Assigned task:
In the entries that follow, which lines hold the string "Ukrayna"? List them.

===== Information =====

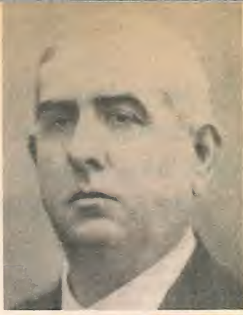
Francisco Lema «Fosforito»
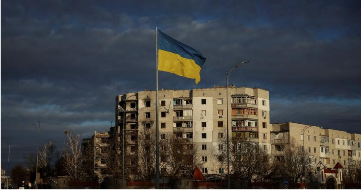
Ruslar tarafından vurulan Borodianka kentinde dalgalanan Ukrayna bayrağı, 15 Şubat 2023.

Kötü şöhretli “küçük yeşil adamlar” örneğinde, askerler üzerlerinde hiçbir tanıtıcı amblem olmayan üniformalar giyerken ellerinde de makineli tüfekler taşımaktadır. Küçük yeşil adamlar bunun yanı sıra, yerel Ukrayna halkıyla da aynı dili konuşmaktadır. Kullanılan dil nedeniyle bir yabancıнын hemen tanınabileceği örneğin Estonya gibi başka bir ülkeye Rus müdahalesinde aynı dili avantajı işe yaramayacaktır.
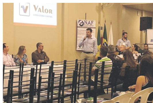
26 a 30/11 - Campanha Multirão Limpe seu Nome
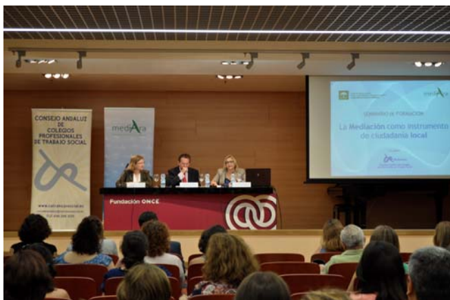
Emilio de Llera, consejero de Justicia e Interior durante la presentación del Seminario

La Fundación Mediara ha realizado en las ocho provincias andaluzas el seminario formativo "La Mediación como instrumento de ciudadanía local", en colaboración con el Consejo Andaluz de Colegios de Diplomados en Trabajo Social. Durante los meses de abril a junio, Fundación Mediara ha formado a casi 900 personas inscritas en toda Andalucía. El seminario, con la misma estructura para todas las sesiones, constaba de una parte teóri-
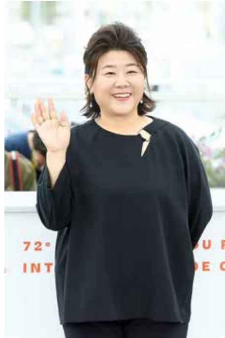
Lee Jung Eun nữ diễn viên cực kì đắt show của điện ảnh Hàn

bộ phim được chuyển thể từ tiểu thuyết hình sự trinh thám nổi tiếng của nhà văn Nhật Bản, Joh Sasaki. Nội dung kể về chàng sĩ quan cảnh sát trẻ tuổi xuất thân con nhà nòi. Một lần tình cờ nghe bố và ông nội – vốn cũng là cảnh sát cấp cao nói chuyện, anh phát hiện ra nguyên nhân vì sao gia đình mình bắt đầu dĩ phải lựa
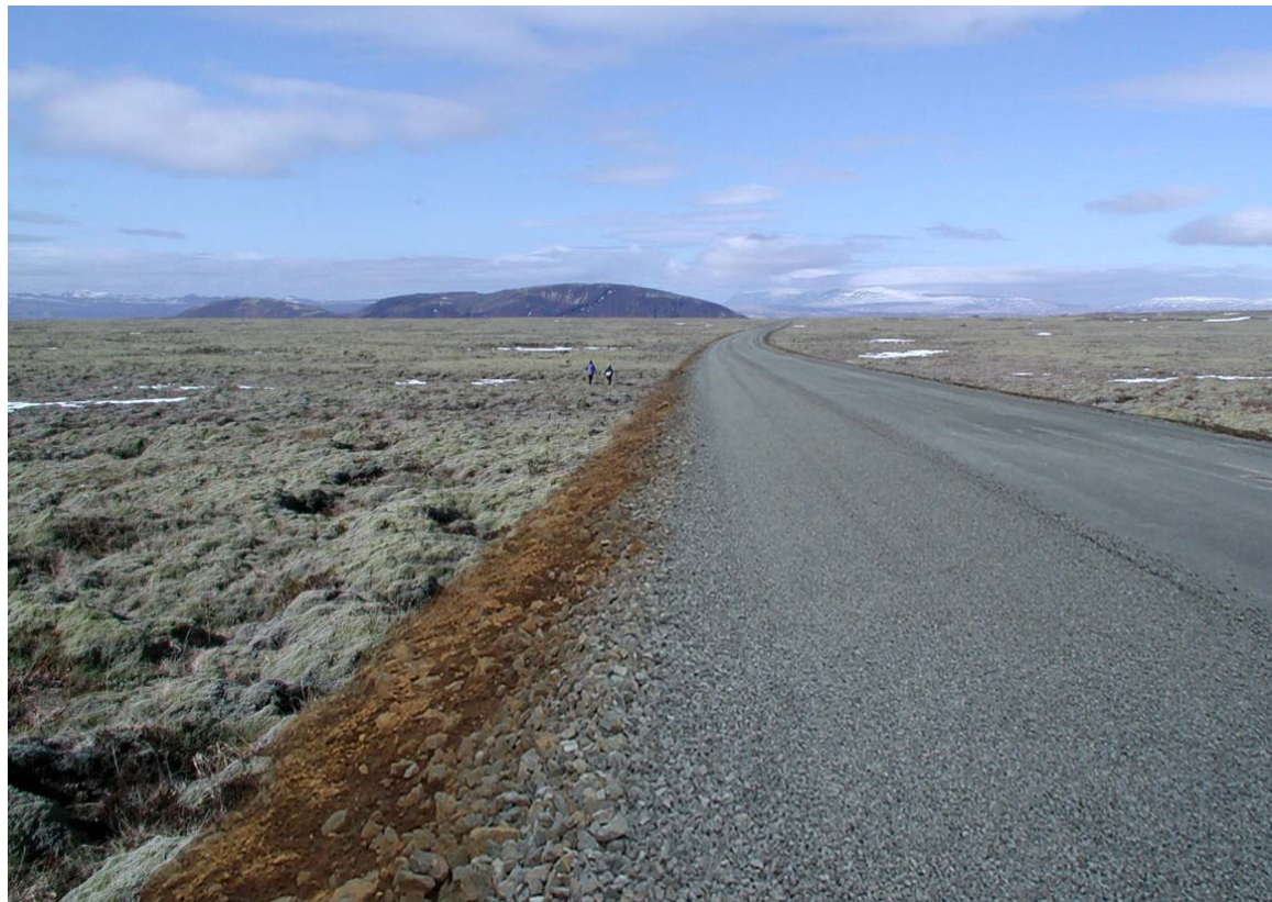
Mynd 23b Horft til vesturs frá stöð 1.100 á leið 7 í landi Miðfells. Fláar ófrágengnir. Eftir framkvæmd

=====

Result of the task:
Ruslar tarafından vurulan Borodianka kentinde dalgalanan Ukrayna bayrağı, 15 Şubat 2023.
Kötü şöhretli “küçük yeşil adamlar” örneğinde, askerler üzerlerinde hiçbir tanıtıcı amblem olmayan üniformalar giyerken ellerinde de makineli tüfekler taşımaktadır. Küçük yeşil adamlar bunun yanı sıra, yerel Ukrayna halkıyla da aynı dili konuşmaktadır. Kullanılan dil nedeniyle bir yabancıнын hemen tanınabileceği örneğin Estonya gibi başka bir ülkeye Rus müdahalesinde aynı dili avantajı işe yaramayacaktır.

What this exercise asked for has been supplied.